### Extracted records
#####

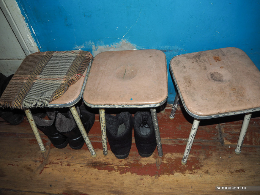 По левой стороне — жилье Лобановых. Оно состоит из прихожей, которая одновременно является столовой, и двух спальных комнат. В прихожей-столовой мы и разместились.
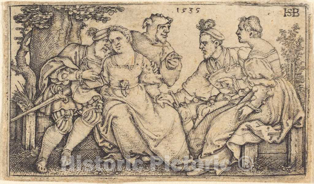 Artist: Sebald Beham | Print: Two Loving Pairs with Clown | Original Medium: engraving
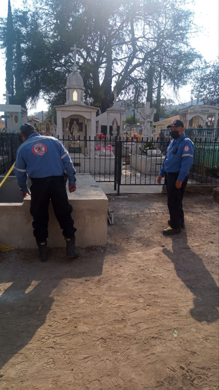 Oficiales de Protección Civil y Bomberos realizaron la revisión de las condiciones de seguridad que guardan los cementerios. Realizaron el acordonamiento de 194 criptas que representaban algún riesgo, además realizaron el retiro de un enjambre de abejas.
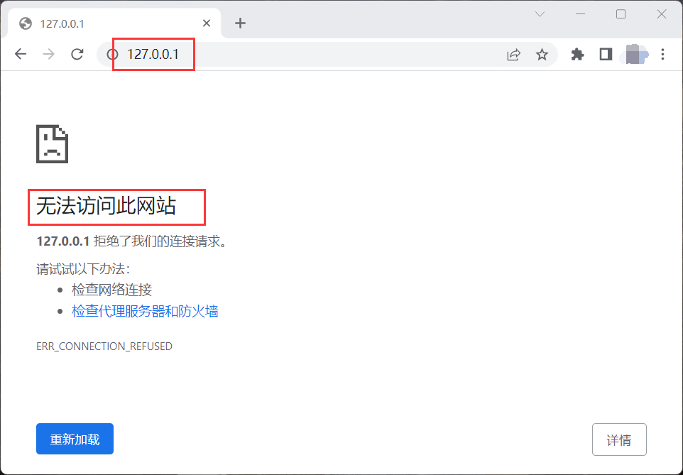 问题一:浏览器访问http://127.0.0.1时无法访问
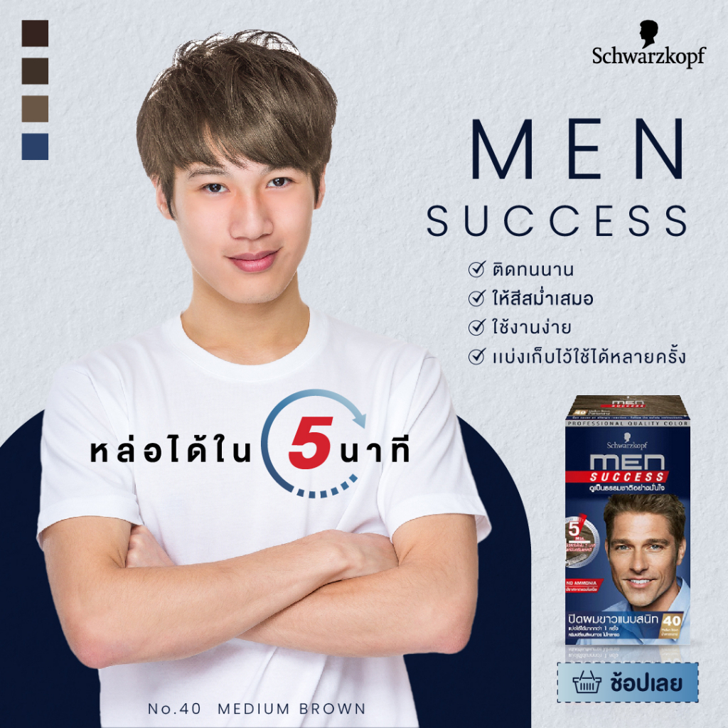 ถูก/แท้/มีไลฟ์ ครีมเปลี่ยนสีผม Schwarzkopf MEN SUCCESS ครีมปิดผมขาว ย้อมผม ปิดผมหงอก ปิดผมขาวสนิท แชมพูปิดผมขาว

#####

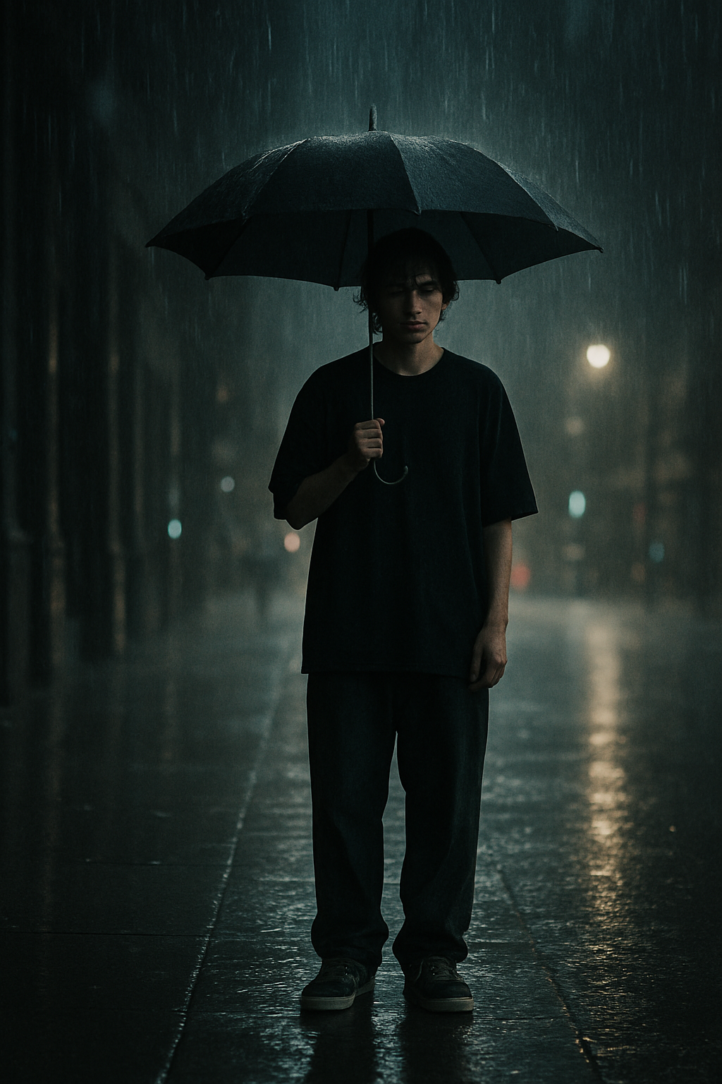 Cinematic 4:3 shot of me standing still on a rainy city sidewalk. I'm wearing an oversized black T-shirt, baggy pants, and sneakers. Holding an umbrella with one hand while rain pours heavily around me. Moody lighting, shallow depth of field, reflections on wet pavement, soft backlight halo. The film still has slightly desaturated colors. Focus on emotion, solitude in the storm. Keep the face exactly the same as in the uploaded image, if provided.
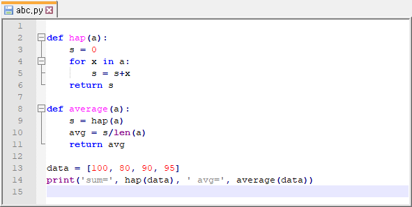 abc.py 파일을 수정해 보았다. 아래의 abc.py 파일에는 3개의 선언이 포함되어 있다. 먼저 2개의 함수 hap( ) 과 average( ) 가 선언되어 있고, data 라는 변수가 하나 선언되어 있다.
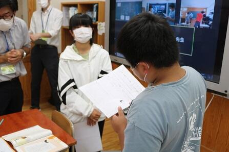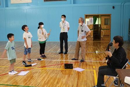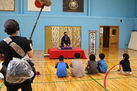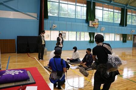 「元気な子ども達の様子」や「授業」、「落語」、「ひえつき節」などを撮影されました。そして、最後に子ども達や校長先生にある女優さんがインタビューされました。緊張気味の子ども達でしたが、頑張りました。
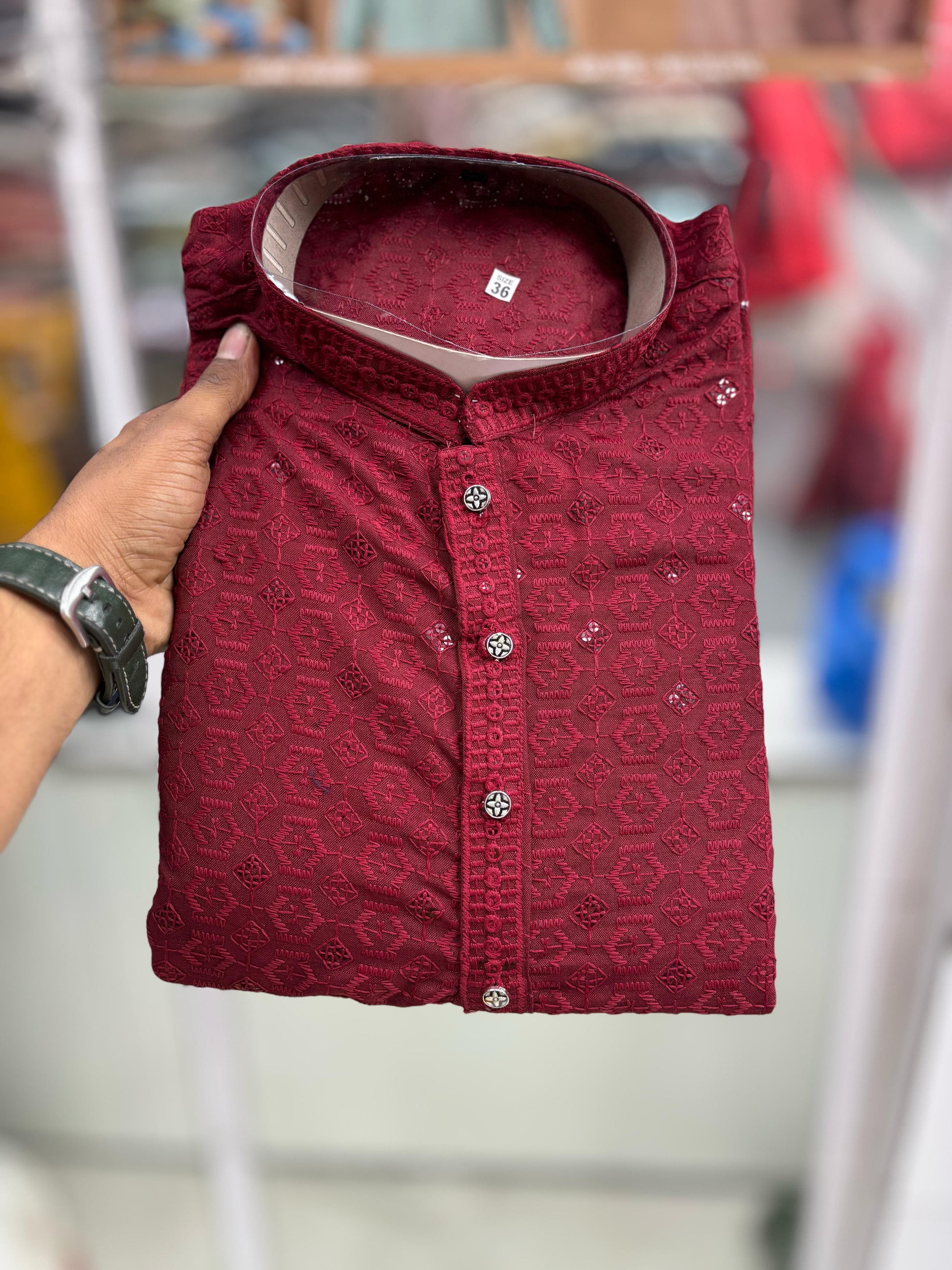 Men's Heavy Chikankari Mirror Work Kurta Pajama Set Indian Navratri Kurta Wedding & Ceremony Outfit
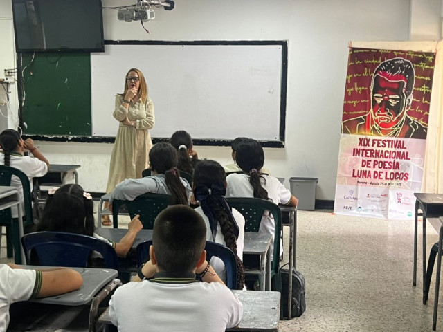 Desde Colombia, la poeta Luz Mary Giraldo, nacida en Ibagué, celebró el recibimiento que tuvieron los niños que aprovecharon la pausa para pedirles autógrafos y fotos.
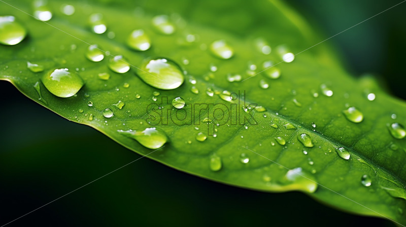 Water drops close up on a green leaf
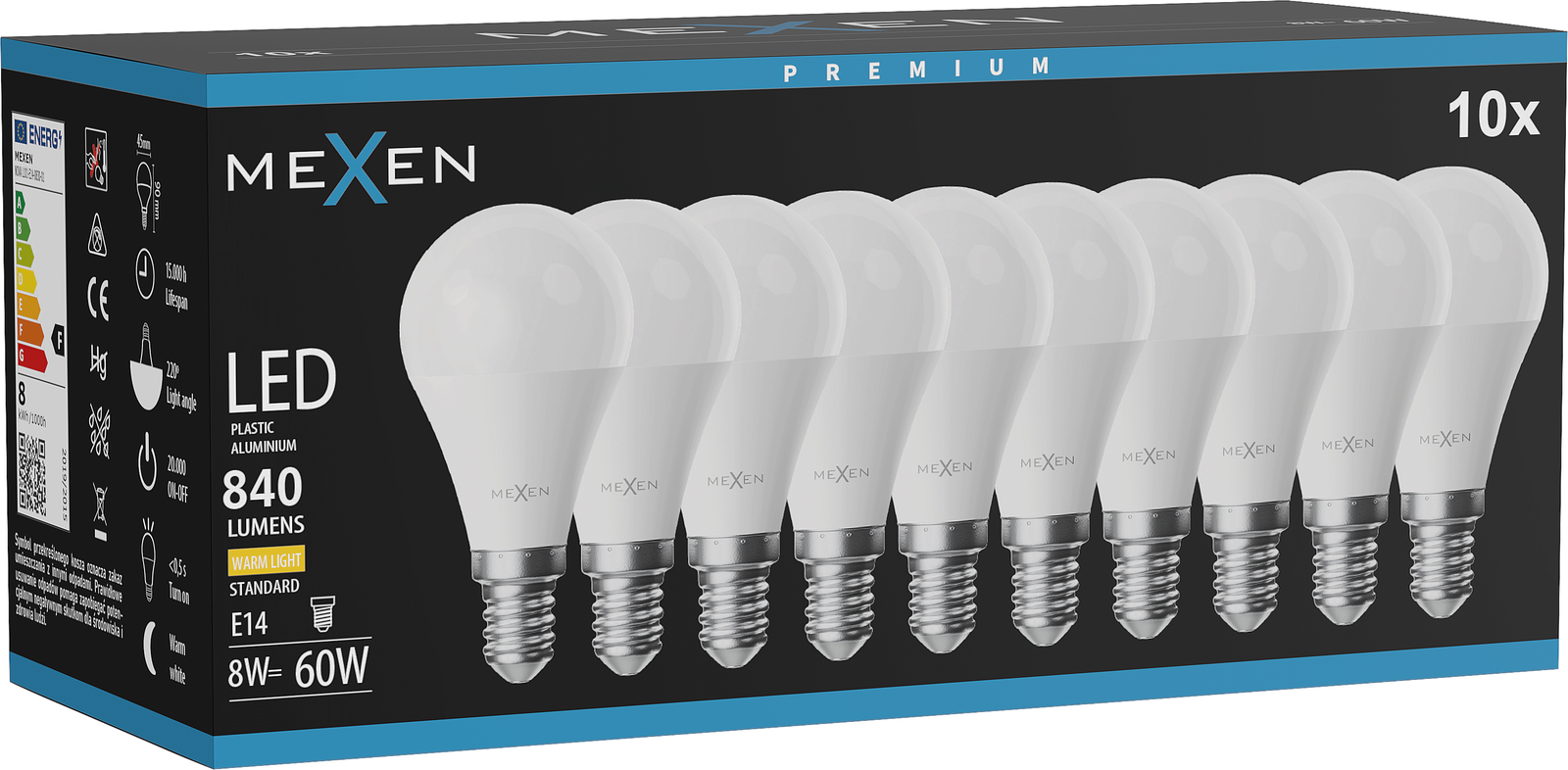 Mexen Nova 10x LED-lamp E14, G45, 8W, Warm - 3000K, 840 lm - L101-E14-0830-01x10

#####

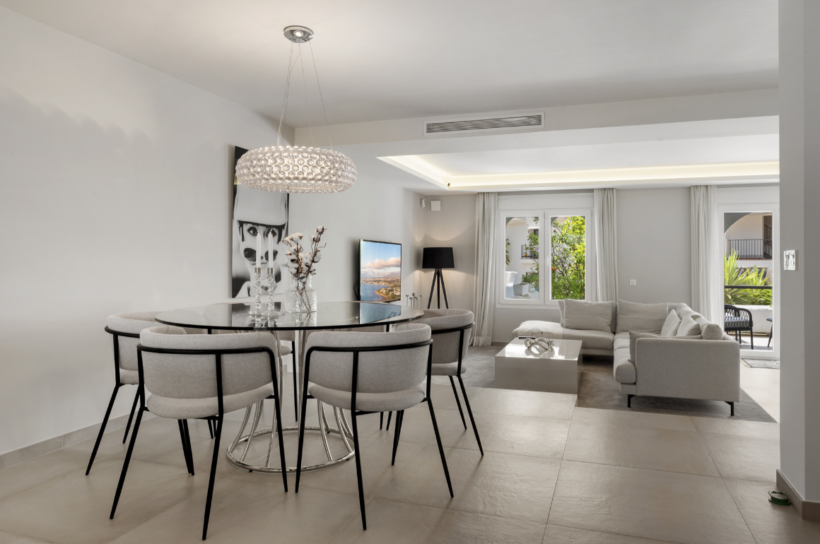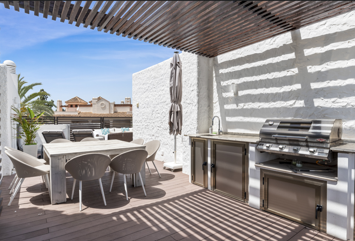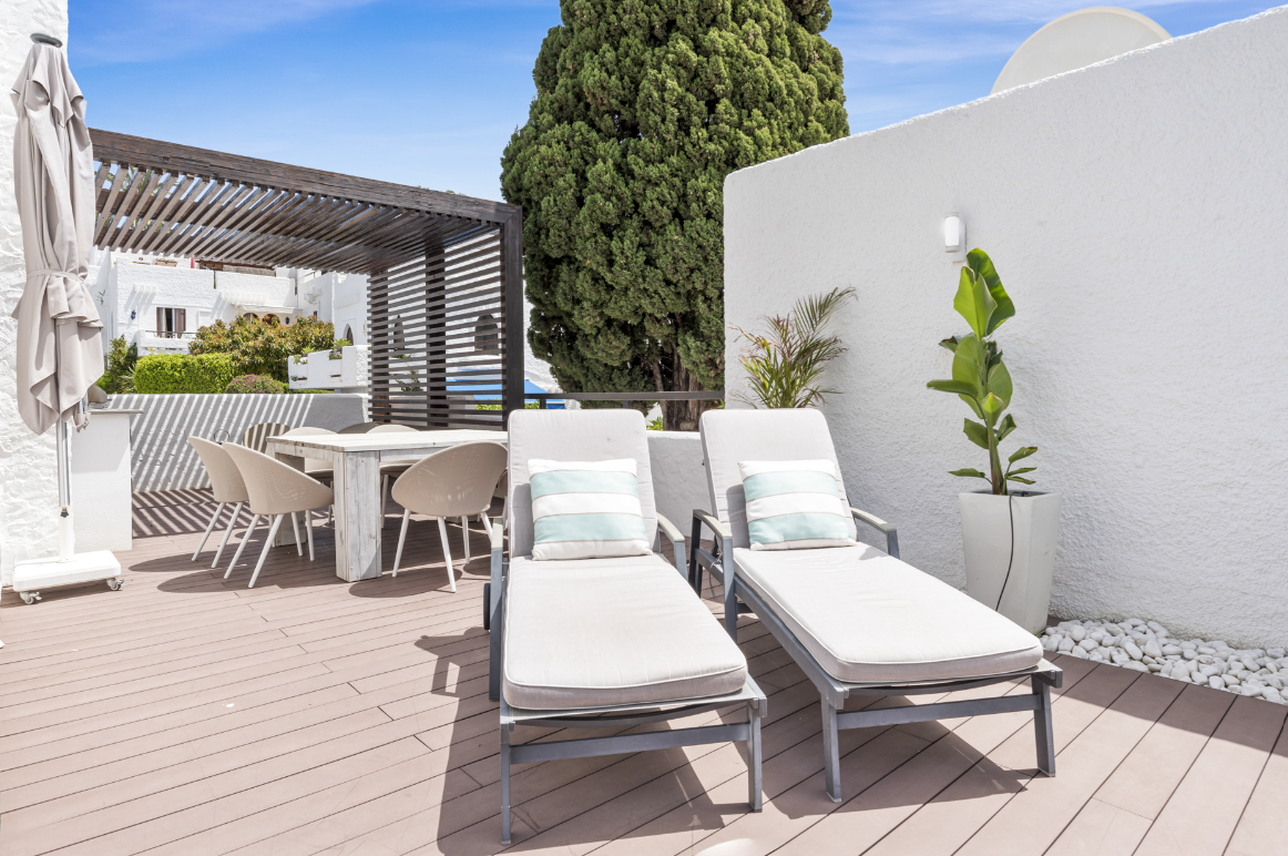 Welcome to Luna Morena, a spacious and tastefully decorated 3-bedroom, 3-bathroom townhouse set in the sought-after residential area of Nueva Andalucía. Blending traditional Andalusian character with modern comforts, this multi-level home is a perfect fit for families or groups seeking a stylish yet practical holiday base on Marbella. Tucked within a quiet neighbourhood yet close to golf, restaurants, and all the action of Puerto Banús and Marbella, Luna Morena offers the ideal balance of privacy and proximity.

#####

### How to complete this task
Transcribe, from the material above, the stretch starting at the line with "abc.py 파일을 수정해" and ending at the line with "Mexen Nova 10x", both included, exactly. Do not carry over pictures.

### Result for this exercise
 abc.py 파일을 수정해 보았다. 아래의 abc.py 파일에는 3개의 선언이 포함되어 있다. 먼저 2개의 함수 hap( ) 과 average( ) 가 선언되어 있고, data 라는 변수가 하나 선언되어 있다.
 「元気な子ども達の様子」や「授業」、「落語」、「ひえつき節」などを撮影されました。そして、最後に子ども達や校長先生にある女優さんがインタビューされました。緊張気味の子ども達でしたが、頑張りました。
 Men's Heavy Chikankari Mirror Work Kurta Pajama Set Indian Navratri Kurta Wedding & Ceremony Outfit
 Desde Colombia, la poeta Luz Mary Giraldo, nacida en Ibagué, celebró el recibimiento que tuvieron los niños que aprovecharon la pausa para pedirles autógrafos y fotos.
 Water drops close up on a green leaf
 Mexen Nova 10x LED-lamp E14, G45, 8W, Warm - 3000K, 840 lm - L101-E14-0830-01x10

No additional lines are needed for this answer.